Lo scrittore ed uomo politico Francesco Domenico Guerrazzi, incarcerato dopo il fallimento della repubblica democratica toscana del 1848, iniziò a scrivere in carcere il romanzo La figlia del senatore Curzio Picchena, ispirato alla tragica vita di Caterina che lo aveva preceduto in quelle celle.

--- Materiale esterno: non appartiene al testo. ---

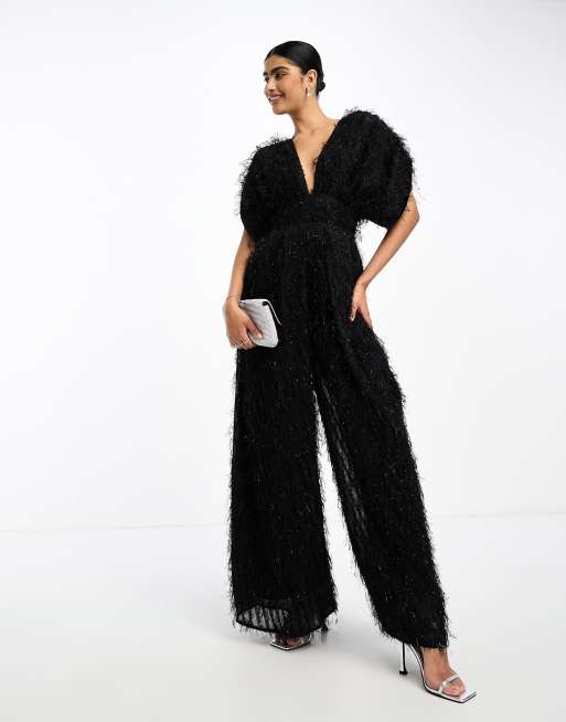 ASOS DESIGN fluffy plunge jumpsuit in black

Bellissima e amante della vita, Caterina Picchena, figlia di Curzio, già Segretario di Stato del Granduca Cosimo II dei Medici nel 1613 e poi senatore nel 1621, pagò duramente le sue virtù e le sue debolezze. La madre morente aveva raccomandato al marito la sua educazione con queste parole: “La nostra figliola, angiolo di bellezza e d’ingegno, possiede nel seno un inferno di passioni terribili: vedo in lei una smisurata sete d’amore terreno e non divino, in chiesa le piace l’organo perché le fa vibrare i nervi, spingendola alla danza; dei fiori esposti davanti ai Santi preferisce le rose, per farsene ghirlande ai suoi capelli biondi; delle reliquie vagheggia l’oro e le gemme, per ridurli in monili intorno alle sue braccia”.

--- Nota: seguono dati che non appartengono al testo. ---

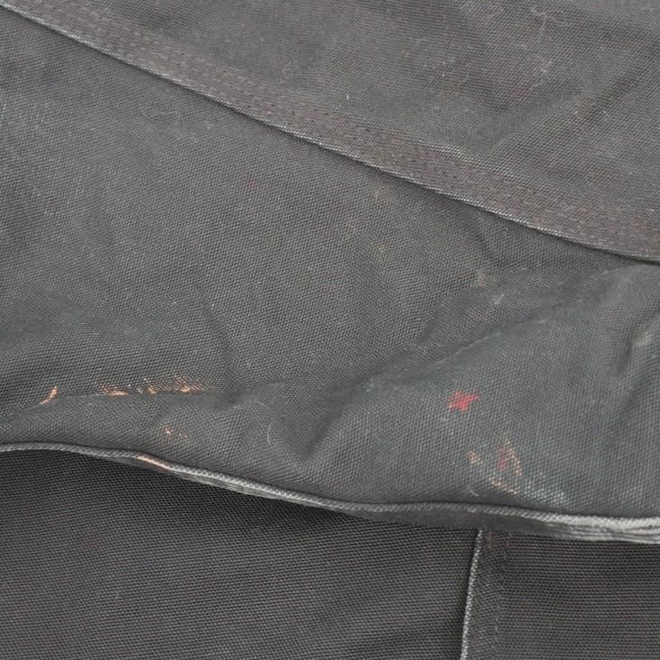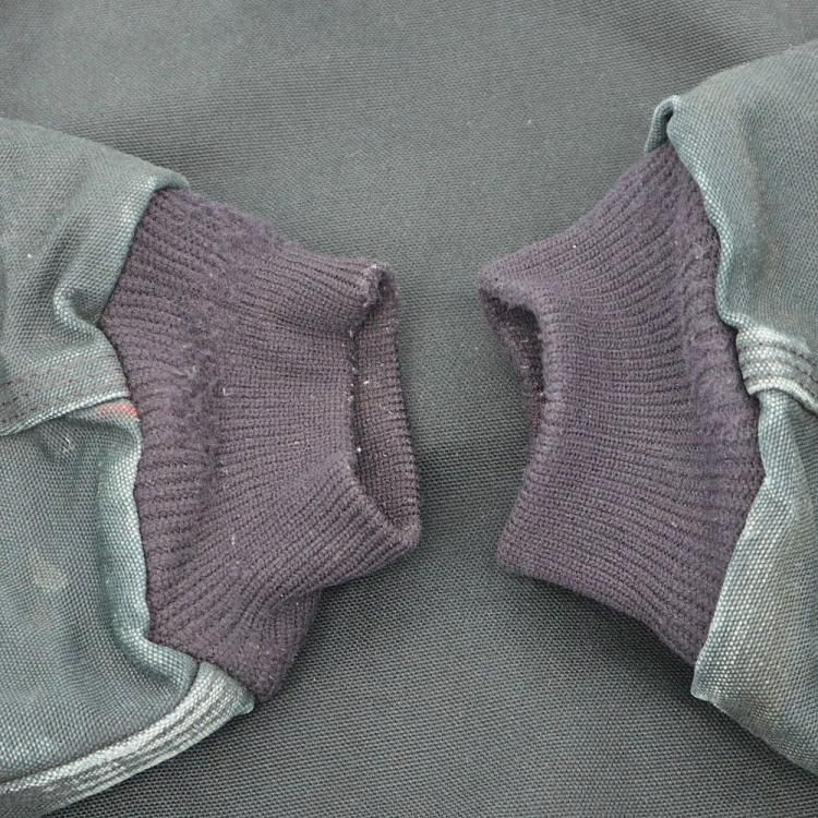 全体的に色褪せと使用感があるほか、裏地側と両袖のリブに毛玉、所々に汚れがあります。

Caterina ebbe una vita tempestosa e molti amanti, ma fu vittima innocente della cupidigia e della lussuria degli uomini. Fu imprigionata senza processo nel 1653, per ordine del Cardinale Carlo dei Medici, che aveva già tentato di possederla tendendole un tranello: respinto l’aveva fatta abbandonare nel bosco della villa in cui voleva darle i sacramenti, semisvestita, svenuta e quasi assiderata.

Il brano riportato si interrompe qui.